OCHA-DAP / pa-anticipatory-action

Code and documentation for analytical work on OCHA Anticipatory Action pilots.
GNU General Public License v3.0
14 stars 0 forks source link

Chad forecast performance - rule of three? #319

Closed caldwellst closed 1 year ago

caldwellst commented 1 year ago

Hello @turnerm!

We are revisiting the possibility of calculating performance statistics on the predictive trigger for Chad. This trigger is based one 4 activation points from March to June, the July-August-September seasonal forecast. We only had 5 years of historical data, and there was no severe shock in this time period and also no meeting of the threshold. I re-read some of the materials on the rule of three and wanted to get your thoughts on applying them here, as I have a few concerns on how we might use them to fill out the full trigger performance card:

I think we've discussed previously with Tinka and it was decided not to calculate any metrics. However, I wanted to put this here so we had it in writing and start using better documentation for our discussions!

turnerm commented 1 year ago

Hm so are you saying that the statistics we have for Chad are just 5 TNs? Yikes!

For using the rule of 3 in Niger, a couple of things were different:

Will think about it more though!

caldwellst commented 1 year ago

So, was trying to access the paper but couldn't. I'm thinking today, the problem is that the lack of TP or FN is not probabilistic at all but deterministic since there were no true positives in the validation dataset, right? We couldn't consider each year's validation as a Bernoulli trial, basically, since the probability was 0 they would occur. Hmm anyway fun to think about it, let's keep the conversation going.

turnerm commented 1 year ago

I'm thinking today, the problem is that the lack of TP or FN is not probabilistic at all but deterministic since there were no true positives in the validation dataset, right? We couldn't consider each year's validation as a Bernoulli trial, basically, since the probability was 0 they would occur

I'm not totally sure I understand what you mean, but let me know if this is along the lines of what you're saying:

For the case of Niger, the Bernoulli trial was set up as success being (TP, TN, FP) and failure being (FN), which allowed us to get the CI of FN frequency. However since we only have TNs for Chad, we need to define (TN ) as a success, and (TP, FP, FN) as a failure. So any frequency we get would contain three metrics lumped together and not be very helpful to inform the framework. Hope that makes sense.

caldwellst commented 1 year ago

Ooh nice, I like that formulation and really helps. What I'm saying though, is in the case of Chad, we only have TNs, but there was no trial for TP or FN, because there were 0 shocks in the period. There was no probability those would ever occur, so the setup would solely be for TN as a success, and FP as a failure. So we could only get frequency for that metric and none of the others. Does that make sense?

turnerm commented 1 year ago

What I'm saying though, is in the case of Chad, we only have TNs, but there was no trial for TP or FN, because there were 0 shocks in the period. There was no probability those would ever occur, so the setup would solely be for TN as a success, and FP as a failure. So we could only get frequency for that metric and none of the others. Does that make sense?

I think for the application of the rule of 3 I would see it a bit differently, because my understanding is that it's supposed to apply for future trials, which in our case would be additional years, in which shocks could have occurred.

Since our sample contains no shocks, you could make the assumption that they never occur in which case you could compute FPs, which I think is consistent with what you're describing.
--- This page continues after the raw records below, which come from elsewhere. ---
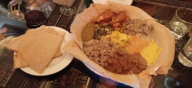 - Piadina di medio spessore spezzettata in piccoli pezzi e condita con spezie piccanti e burro sfuso eritreo e fatta rosolare in padella il tutto accompagnato da yogurt eritreo
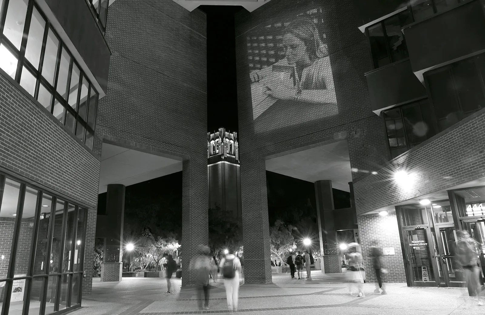 Students walk past Marston Science Library, while an archival image of a student searching through a card catalog drawer in the 1960s is projected on the building above. This project showcased archival photos from the University Digital Collections, projected onto iconic locations around the University of Florida campus.
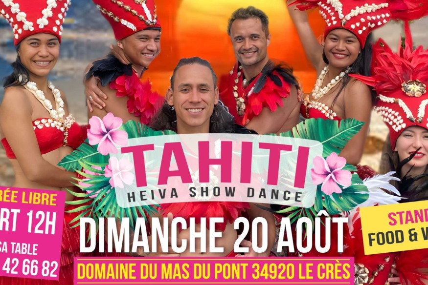 La cèlèbre troupe HEIVA TAHITI DANCE SHOW t'emportera au son du Ukulélé / entrée libreDOMAINE MAS DU PONT 34920 LE CRÈS
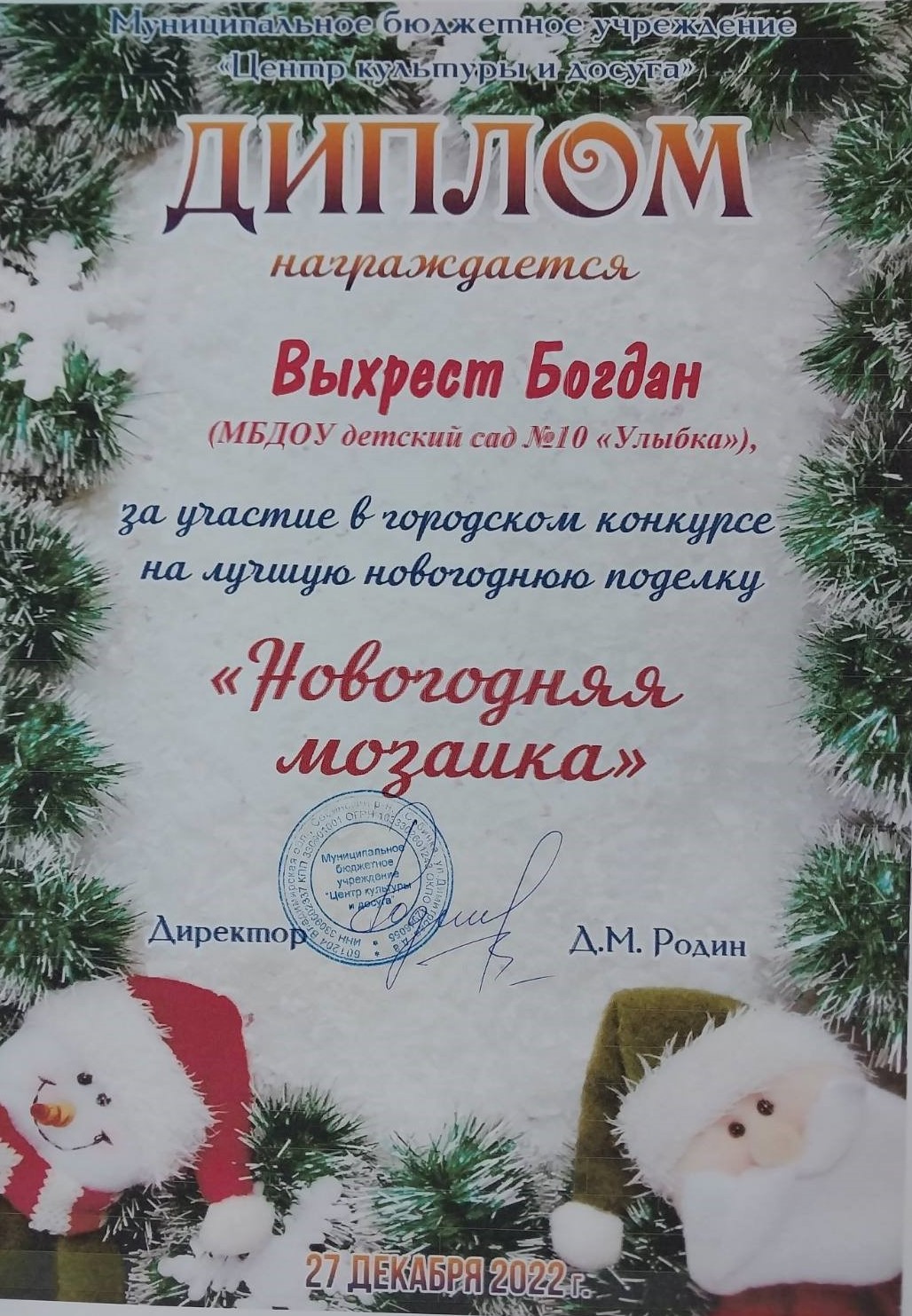 22.Выхрест Богдан, «Новогодняя игрушка», группа Ромашка
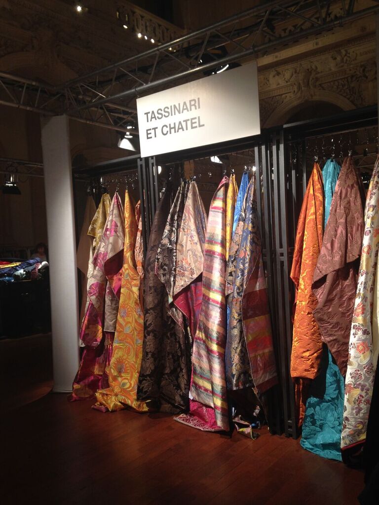 After sorting through bolts of silk, remnants, ribbons, scarves, ties, purses and pillows we came away with a few yards of silk (pictured below, left) from Tassinari et Chatel and plan on making some very special things.
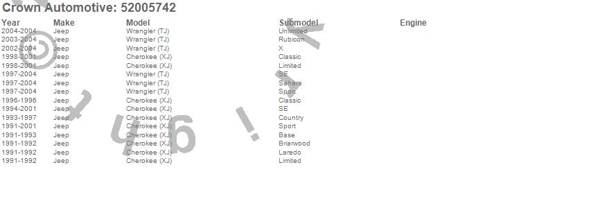 Cherokee (XJ), Wrangler (LJ), Wrangler (TJ), Jeep, 2004, 2003, 2002, 2001, 2000, 1999, 1998, 1997, 1996, 1995, 1994, 1993, 1992, 1991 more…

caldwellst commented 1 year ago

So, been thinking about it more, and I am not actually sure about bunching up TP, TN, and FP and then calculating FN for instance. I think the rule of three is applied for things like trials of patients where we expect there to be a population-level prevalence (or some statistic) we want to measure through this trial, assuming probability is equal across the n in the trial. But there is literally 0 probability of a TP or FN if there was no shock.

I would think if we apply the rule of three in our work, we should calculate the rule of three for TN and FP together as success/failure trials and TP and FN together as success/failure trials. Essentially considering the years where a shock did or did not occur as separate populations. This means our bounds are going to be wider than they are now, but I think this is the correct approach.
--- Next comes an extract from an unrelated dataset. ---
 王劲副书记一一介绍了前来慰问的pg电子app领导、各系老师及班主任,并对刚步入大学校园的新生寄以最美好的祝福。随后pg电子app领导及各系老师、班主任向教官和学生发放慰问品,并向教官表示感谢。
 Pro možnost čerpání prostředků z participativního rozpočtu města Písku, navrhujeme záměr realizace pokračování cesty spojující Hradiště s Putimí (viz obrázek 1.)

I don't think we can say anything about the probability of TP or FN for Chad. I think we can use rule of three to estimate the FP/TN confidence bounds. I also would not be confident in using the rule of three approach on the consecutive trigger points because they are not independent, but we could hand wave that if really necessary to get bounds for the FP/TN at the trigger level (I would still vote not to).

joseepoirier commented 1 year ago

Hi both, great to see this discussion happen in more depth (and being documented!) It might help to have a live discussion about it to clear up the direction and pros/cons of approaches we come up with. (And then continue the back-and-forth in GH issues.)

I wanted to step back for a moment and ask:

  1. The first limitation seems to come from the short forecast history. Can we get around that (ie did we consider other seasonal products with longer history? I think IRI's own flexible forecasts are now available and do have longer history.)
  2. How do we define an event (ie a "drought" year)? Do we have a history longer than 5 years / with more than 0 events? In other words, what can we share about drought frequency and severity in the country beyond the strict constraints of the framework? Is there a superset that is relevant to examine as a way of inferring anything about the subset of shocks targetted by AA?
  3. As Monica alludes to, we are looking to estimate the likelihood of activation, hits, and false alarms once we start monitoring the trigger (ie in the future.) Setting aside the current approach, what else might we be able to give stakeholders to help them evaluate cost/benefit of doing AA if those metrics were not calculable?
joseepoirier commented 1 year ago

I'm thinking today, the problem is that the lack of TP or FN is not probabilistic at all but deterministic since there were no true positives in the validation dataset, right? We couldn't consider each year's validation as a Bernoulli trial, basically, since the probability was 0 they would occur

I'm not totally sure I understand what you mean, but let me know if this is along the lines of what you're saying:

For the case of Niger, the Bernoulli trial was set up as success being (TP, TN, FP) and failure being (FN), which allowed us to get the CI of FN frequency. However since we only have TNs for Chad, we need to define (TN ) as a success, and (TP, FP, FN) as a failure. So any frequency we get would contain three metrics lumped together and not be very helpful to inform the framework. Hope that makes sense.

Also reluctant to use FN as a success since 1) it is the type of event we are targetting with AA 2) FN are essentially the absence of something rather than confirmatory evidence.

turnerm commented 1 year ago

Sorry, a bit of a wall of text below! First responding to @caldwellst:

So, been thinking about it more, and I am not actually sure about bunching up TP, TN, and FP and then calculating FN for instance.

Just to clarify as the above is not what I meant: rather, because our sample only contains TN, I'm suggesting that we define TN as a success, and define failure as [not TN]. We would then be calculating the confidence on the frequency of [not TN]. But more about that below:

I think the rule of three is applied for things like trials of patients where we expect there to be a population-level prevalence (or some statistic) we want to measure through this trial, assuming probability is equal across the n in the trial. But there is literally 0 probability of a TP or FN if there was no shock.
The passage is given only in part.